The problem, says Sanders, is that, while today's corporations are just as
bad as the trusts that needed busting at the start of the last century, Bush is
no Teddy Roosevelt and Daschle is no William Jennings Bryan. Instead of real reform,
Republican and Democratic leaders are proposing half-steps aimed at requiring
accountants to produce better balance sheets.
"The American people have a much better understanding than members of the Bush
administration or Congress that this is not just about a few bad rules or a few
bad apples. This is about how corporations do business in America today, and about
what members of Congress who take immense amounts of corporate money to finance
their campaigns allow those corporations to get away with," says Sanders. "If
all that comes out of this are a few accounting reforms - necessary as they may
be - most Americans are going to say, rightly, that the corporations were let
off the hook again."
Sanders is frustrated with the refusal of top Democrats to show even the level
of leadership that some Republicans have displayed. It is notable that, while
Daschle has pulled the brakes on some reform proposals, Sen. John McCain, the
Arizona Republican, is busy denouncing "crony capitalism," calling for the resignation
of Securities and Exchange Commission Chairman Harvey Pitt, and saying that Congress'
actions so far "fall short of doing all that is necessary."
Sanders argues that the dialogue itself falls short. Yes, the Vermont socialist
says, corporations have used their lobbying muscle to warp accounting standards.
But if Democrats think those are the only places where corporations have overstepped
their bounds, they are destined to squander an opportunity to open a great debate
about corporate influence over government.
"These (corporate executives and their representatives) are the same people
who lobbied against having corporations pay their fair share of taxes," Sanders
says. "These are the same people who have done everything in their power to reshape
regulations so they can steal the money from employee pension plans.
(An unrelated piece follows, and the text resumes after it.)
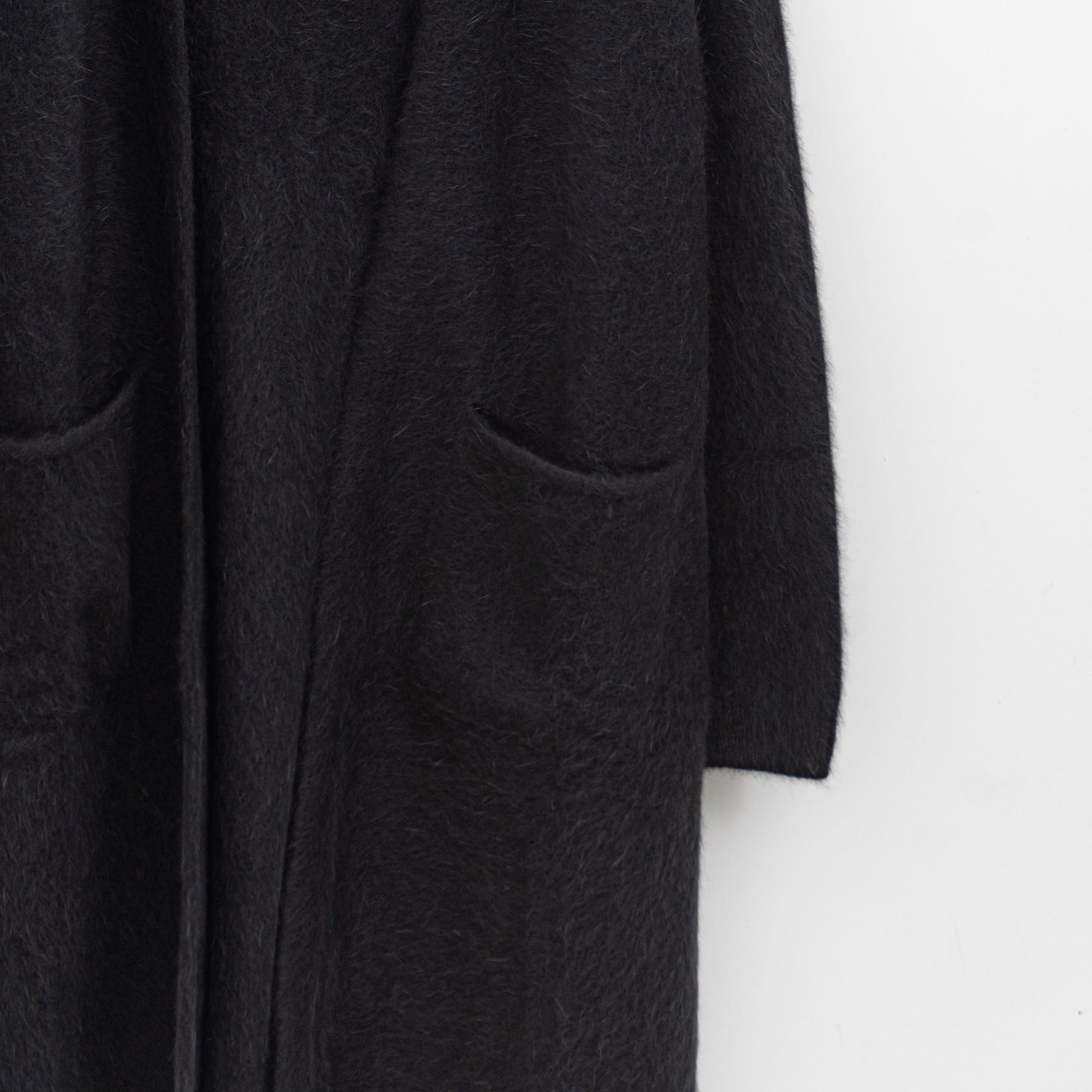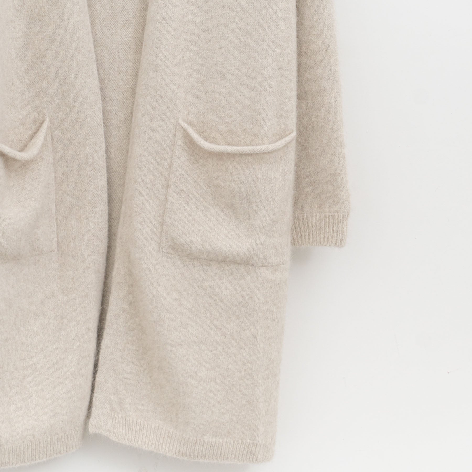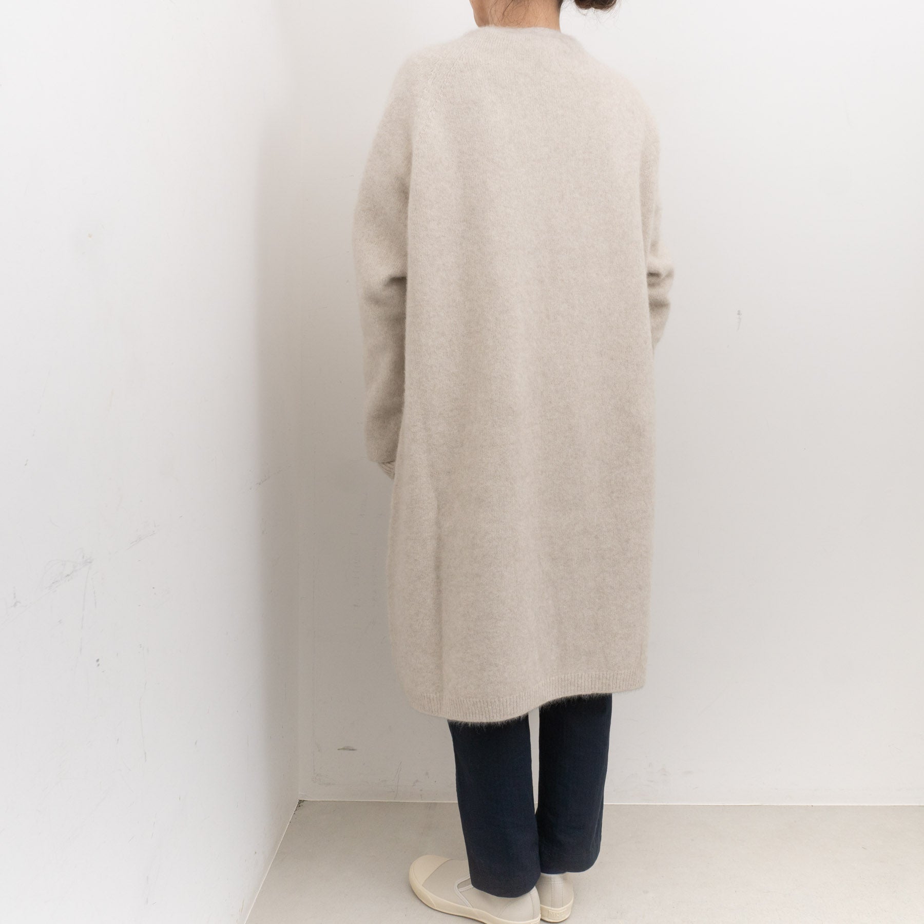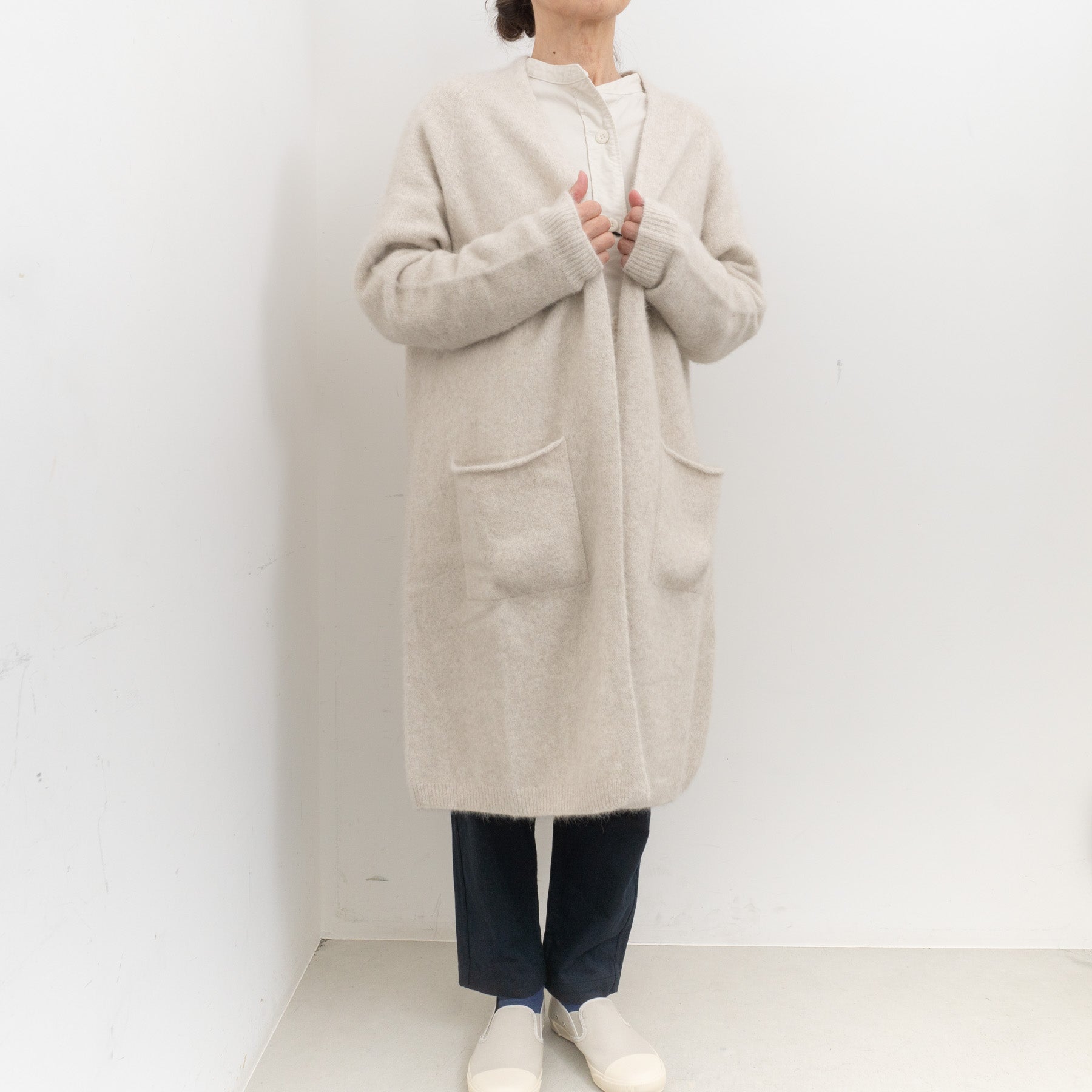 ホールガーメントならではの縫い目のないストレスフリーな着心地が魅力のロングカーディガンです。 見た目のほわほわとした柔らかさに、ウール混の糸が生むもちもちとしたタッチが加わり、思わず心をくすぐられる一枚です。 膝まで届くボタンレスのシルエットは、さらりと羽織るだけで様になるデザインです。腕まわりにもゆとりを持たせているため、ニットやシャツを重ねてももたつきにくいため、さまざまなレイヤードを楽しめます。軽やかなワンピースとの組み合わせも好相性です。 シンプルながら表情のある編み地が、どんな装いにも寄り添い、スタイリングの幅を広げてくれるニットです。

These are
the same people who pressure Congress to grant them the 'freedom' to close factories
in America, send our jobs to China and then ship back products made using prison
labor."
Democratic strategists want to make corporate abuses an election issue. But
to do that, Sanders says, "We have to broaden the debate. We have to tie the debate
into the trade issue. We have to tie the debate into the estate tax issue. We
have to tie the debate into pension issues. What we should be saying is that this
whole debate is about a culture of corporate greed that has wrecked our communities,
robbed our retirees and lowered the standards for ethical business behavior to
a level that disgusts average Americans."
If Democrats would just start to listen to Bernie Sanders, they could reshape
American politics. Of course, that would require that Democrats to stop listening
to the corporate campaign contributors, who still set far to much of the agenda
for what is supposed to be the party of the people.